#### What needs to be done:
Every picture should be left out, but the lines below must be repeated exactly.

#### Study material:
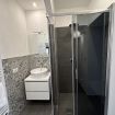 Il bagno è ampio ed ha una doccia con box in vetro, lavabo, wc e bidet.
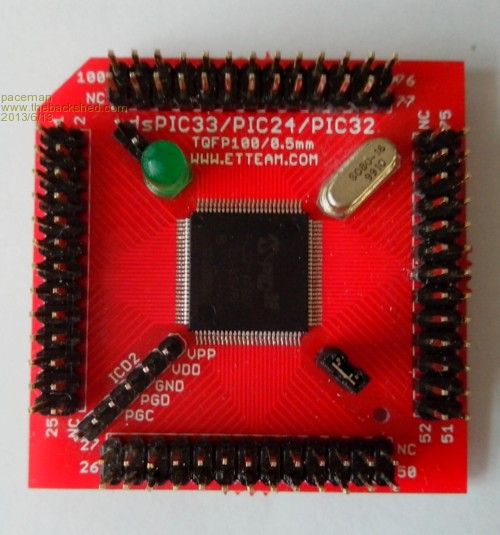 Well I finally got brave and used one of my virgin $10, 100 pin, 0.5mm chips (PIC32MX795F512L-801PT) from MicroChip to ‘grow’ a Colour Maximite (CMM) on a break-out-board (BOB) I bought. This BOB can be used to make a CMM or alternately it can be used as a ‘generic’ PIC32 giving access to all pins. I wanted to be able to use it in both those modes so that I could use it in CMM projects and also use it for loading some stand-alone learner hex files compiled from C code via my PICkit 3.
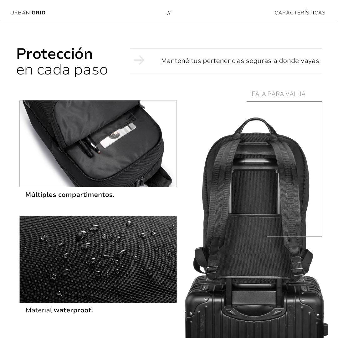 La mochila GRID combina un diseño elegante y sobrio con una estructura resistente y funcional. Ideal para quienes buscan practicidad sin perder sofisticación, su estética minimalista y formal se adapta perfectamente al ámbito profesional y urbano.que se adapta a cualquier entorno. Su estructura innovadora y materiales de calidad la convierten en una opción ideal para el día a día.
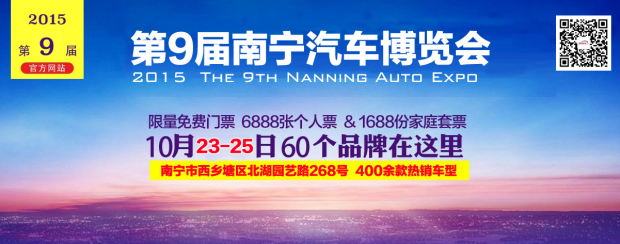 2015惠民車展——第九屆南寧汽車博覽會將再次撼動綠城,一場車展界的饕餮盛宴將拉開序幕!2015第九屆南寧汽車博覽會10月23日開幕,展會為期3天:10月23日-10月25日,近60個(gè)參展品牌,涵蓋豪華車進(jìn)口車合資車熱銷車各個(gè)領(lǐng)域。品牌多,車型全,現(xiàn)場開價(jià),保證低價(jià),現(xiàn)場訂購,還送大禮!10月23日-10月25日我們恭候您的到來!
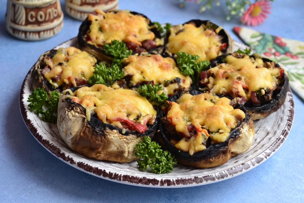 Запечённые грибы достать из духовки. Вкуснейшие, сочные шампиньоны, фаршированные колбасой и сыром, лучше подавать в качестве горячей закуски, но и в остывшем виде эти грибочки тоже хороши.

#### Task answer:
 Il bagno è ampio ed ha una doccia con box in vetro, lavabo, wc e bidet.
 Well I finally got brave and used one of my virgin $10, 100 pin, 0.5mm chips (PIC32MX795F512L-801PT) from MicroChip to ‘grow’ a Colour Maximite (CMM) on a break-out-board (BOB) I bought. This BOB can be used to make a CMM or alternately it can be used as a ‘generic’ PIC32 giving access to all pins. I wanted to be able to use it in both those modes so that I could use it in CMM projects and also use it for loading some stand-alone learner hex files compiled from C code via my PICkit 3.
 La mochila GRID combina un diseño elegante y sobrio con una estructura resistente y funcional. Ideal para quienes buscan practicidad sin perder sofisticación, su estética minimalista y formal se adapta perfectamente al ámbito profesional y urbano.que se adapta a cualquier entorno. Su estructura innovadora y materiales de calidad la convierten en una opción ideal para el día a día.
 2015惠民車展——第九屆南寧汽車博覽會將再次撼動綠城,一場車展界的饕餮盛宴將拉開序幕!2015第九屆南寧汽車博覽會10月23日開幕,展會為期3天:10月23日-10月25日,近60個(gè)參展品牌,涵蓋豪華車進(jìn)口車合資車熱銷車各個(gè)領(lǐng)域。品牌多,車型全,現(xiàn)場開價(jià),保證低價(jià),現(xiàn)場訂購,還送大禮!10月23日-10月25日我們恭候您的到來!
 Запечённые грибы достать из духовки. Вкуснейшие, сочные шампиньоны, фаршированные колбасой и сыром, лучше подавать в качестве горячей закуски, но и в остывшем виде эти грибочки тоже хороши.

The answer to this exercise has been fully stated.